Hint: To find the point of centroid of the triangle formed by the three co-normal points, we first write the equation of a normal to the given parabola using the general equation of a normal to a parabola. Using the general form of a point of the normal we deduce the three co-normal points and compute the centroid using its formula.

Complete step by step solution:
Given Data,
Point (15, 12)
Equation of parabola ${{\text{y}}^2} = 4{\text{x}}$

We know the general equation of a normal from a point to a parabola given by the equation, ${{\text{y}}^2} = 4{\text{ax}}$ is given by, ${\text{y = - xt + 2at + a}}{{\text{t}}^3}$ and the general form of the point from which the normal comes is of the form ${\text{P}}\left( {{{\text{t}}^2},2{\text{t}}} \right)$.

Given the equation of the parabola is ${{\text{y}}^2} = 4{\text{x}}$
By comparing it with the general equation of the parabola we get, a = 1.

Therefore the equation of the normal to the parabola, ${{\text{y}}^2} = 4{\text{x}}$ is given by
${\text{y = - xt + 2at + a}}{{\text{t}}^3} \Rightarrow {\text{y = - xt + 2t + }}{{\text{t}}^3}$
This equation passes through the point (15, 12), hence this point should satisfy this equation.
$ \Rightarrow 12{\text{ = - 15t + 2t + }}{{\text{t}}^3}$
$ \Rightarrow {{\text{t}}^3} - 13{\text{t - 12 = 0}}$
$ \Rightarrow \left( {{\text{t + 1}}} \right)\left( {{{\text{t}}^2} - {\text{t - 12}}} \right){\text{ = 0}}$
$ \Rightarrow {\text{t = - 1, - 3, 4}}$

Therefore the co-normal points can be determined using the general form of point, ${\text{P}}\left( {{{\text{t}}^2},2{\text{t}}} \right)$
We get the co-normal points as (1, -2), (9, -6), (16, 8)

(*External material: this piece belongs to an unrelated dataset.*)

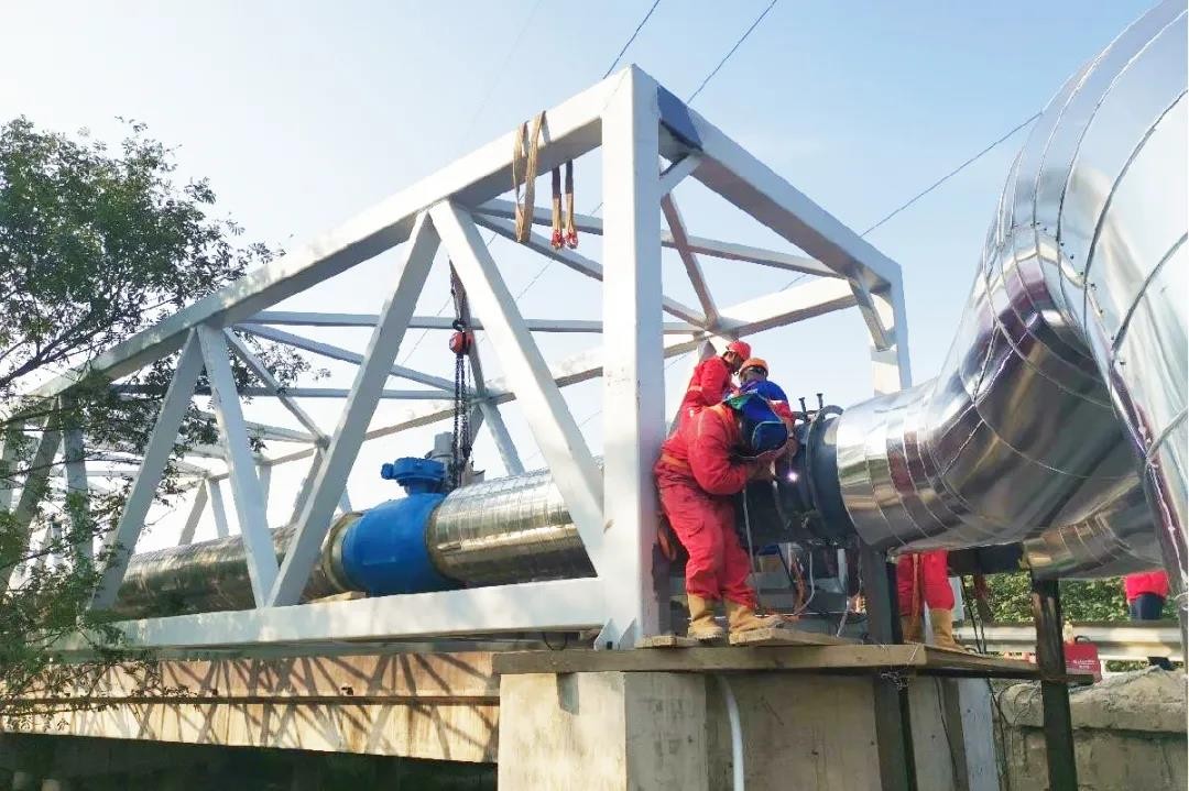 11月1日,核能供暖项目厂内、厂外段供热主管在杨核线白洋河桥实现成功对接,标志着核能供暖示范项目即将进入厂内外供热系统联合调试阶段。秦山核电总经理、核能供暖项目领导小组组长邹正宇在现场见证了这一重要节点的圆满完成。

Now we know the formula of a centroid given three points (a, d), (b, e) and (c, f) is $\left( {\dfrac{{{\text{a + b + c}}}}{3},\dfrac{{{\text{d + e + f}}}}{3}} \right)$
Therefore the centroid of the three co-normal points (1, -2), (9, -6), (16, 8) is $\left( {\dfrac{{{\text{1 + 9 + 16}}}}{3},\dfrac{{{\text{ - 2 - 6 + 8}}}}{3}} \right)$
$ \Rightarrow \left( {\dfrac{{26}}{3},0} \right)$

Therefore the centroid of triangle formed by three co-normal points is$\left( {\dfrac{{26}}{3},0} \right)$
Option C is the correct answer.

Note: In order to solve this type of problems the key is to know the concept of a parabola and a normal draw to it from a point and the respective general equations of the parabola, the normal drawn to it and the point it comes from. We use all of these general forms to compute the three co-normal points formed.
Also we use the formula of a centroid of a triangle, so a good knowledge of triangle properties and their respective formulae is to be known.